Autumn term focuses on policy and practical sessions. Later terms address teaching workflows, like assessment and resources. Learners then apply these. This planned method prevents overload, letting teachers consolidate skills (Smith, 2024; Jones, 2023).
Hattie's (2008) visible learning shows impact on progress. Timperley et al. (2007) found that collaboration works well. Fullan (2007) says professional development changes learner tech use.
Teacher Professional Learning and Development: Best Evidence Synthesis Iteration View study ↗
402 citations
Timperley et al. (2007)
Timperley et al. (2007) found that longer professional development improves results. Learners gain from active involvement and useful practice, Cordingley et al. (2015) state. Darling-Hammond et al. (2017) show integrating training into daily teaching boosts success.
Research suggests experience may improve teaching (Kraft & Papay, 2014).
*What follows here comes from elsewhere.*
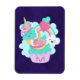 A flexible magnet with a cute illustration featuring a cupcake and ice cream smiling with joy. A rainbow and hearts surround the drawing. A cute fluffy cloud is also smiling with happiness. The cupcake and ice cream have a trendy unicorn horn on top. Cute and adorable design full of joy.

Some studies show experienced teachers gain skills over time (Hanushek, 2009). Others find effectiveness plateaus after a few years (Rice, 2003; Wiseman & Hunt, 2013). Factors like support affect a learner's progress (Blömeke et al., 2015).
Kini and Podolsky (2016)
Ericsson et al. (1993) showed practice builds teacher expertise better than single training days. Darling-Hammond et al. (2017) state continuous development aids teacher improvement. Practice and reflection boost learners thanks to skilled teachers, says Hattie (2012).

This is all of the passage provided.